En effet, il apparaît qu'un des deux témoins, M. [P] avait lui-même exprimé, lors de la séance de la commission consultative paritaire, le fait qu'il demeurait des questions en suspens avant d'établir une attestation parfaitement contraire au procès-verbal qu'il a pourtant signé.
L'employeur a, dès lors, mené une procédure de licenciement disciplinaire pour des faits susceptibles d'une qualification pénale alors manifestement que les éléments pour les caractériser n'étaient pas réunis.
Cette accusation de tentative de vol non caractérisée est constitutive de circonstances vexatoires au licenciement, de sorte qu'il convient de confirmer le jugement entrepris en ce qu'il a alloué la somme de 5000 euros à titre de dommages et intérêts au titre du préjudice moral subi.
Sur les demandes accessoires':
La SA La Poste, partie perdante à l'instance au sens des dispositions de l'article 696 du code de procédure civile, doit être tenue d'en supporter les entiers dépens.

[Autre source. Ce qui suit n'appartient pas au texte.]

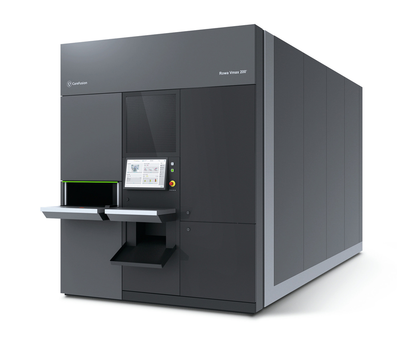 The Rowa VMax 210 storage and dispensing system automatically sorts medications in the pharmacy and dispenses them at a sales counter within seconds. The system makes use of all available space for storage and situates packs next to each other with great precision. In spite of its high speed, the unit operates almost silently. The innovative HD multi-picking technology enables the safe handling of several packs simultaneously. The system can be individually adapted to any pharmacy layout.

Il serait par ailleurs inéquitable, au regard des circonstances de l'espèce comme des situations économiques des parties, de laisser à la charge de M. [J] [L] l'intégralité des sommes qu'il a été contraint d'exposer en justice pour la défense de ses intérêts, de sorte qu'il convient de confirmer le jugement déféré en ce qu'il a condamné la SA La Poste à lui payer la somme de 1'200'€ au titre de l'article 700 du code de procédure civile et, y ajoutant, de la condamner à lui verser la somme de 1'500'€ au titre des frais irrépétibles exposés en cause d'appel.
En conséquence, la demande indemnitaire de la société au titre des frais irrépétibles qu'elle a engagés est rejetée.
PAR CES MOTIFS':
La cour, statuant publiquement, contradictoirement, dans les limites de l'appel et après en avoir délibéré conformément à la loi';
CONFIRME le jugement entrepris en toutes ses dispositions';
Y ajoutant,
DÉBOUTE la SA La Poste de sa demande au titre de l'article 700 du code de procédure civile';
CONDAMNE la SA La Poste à payer à M. [J] [L] la somme complémentaire de 1'500'€ (mille cinq cents euros) au titre de l'article 700 du code de procédure civile';
CONDAMNE la SA La Poste aux dépens d'appel.
Prononcé publiquement par mise à disposition de l'arrêt au greffe de la Cour, les parties ayant été préalablement avisées dans les conditions prévues au deuxième alinéa de l'article 450 du code de procédure civile.
Signé par M. Frédéric BLANC, Conseiller faisant fonction de Président de section, et par Mme Carole COLAS, Greffière à laquelle la minute de la décision a été remise par le magistrat signataire.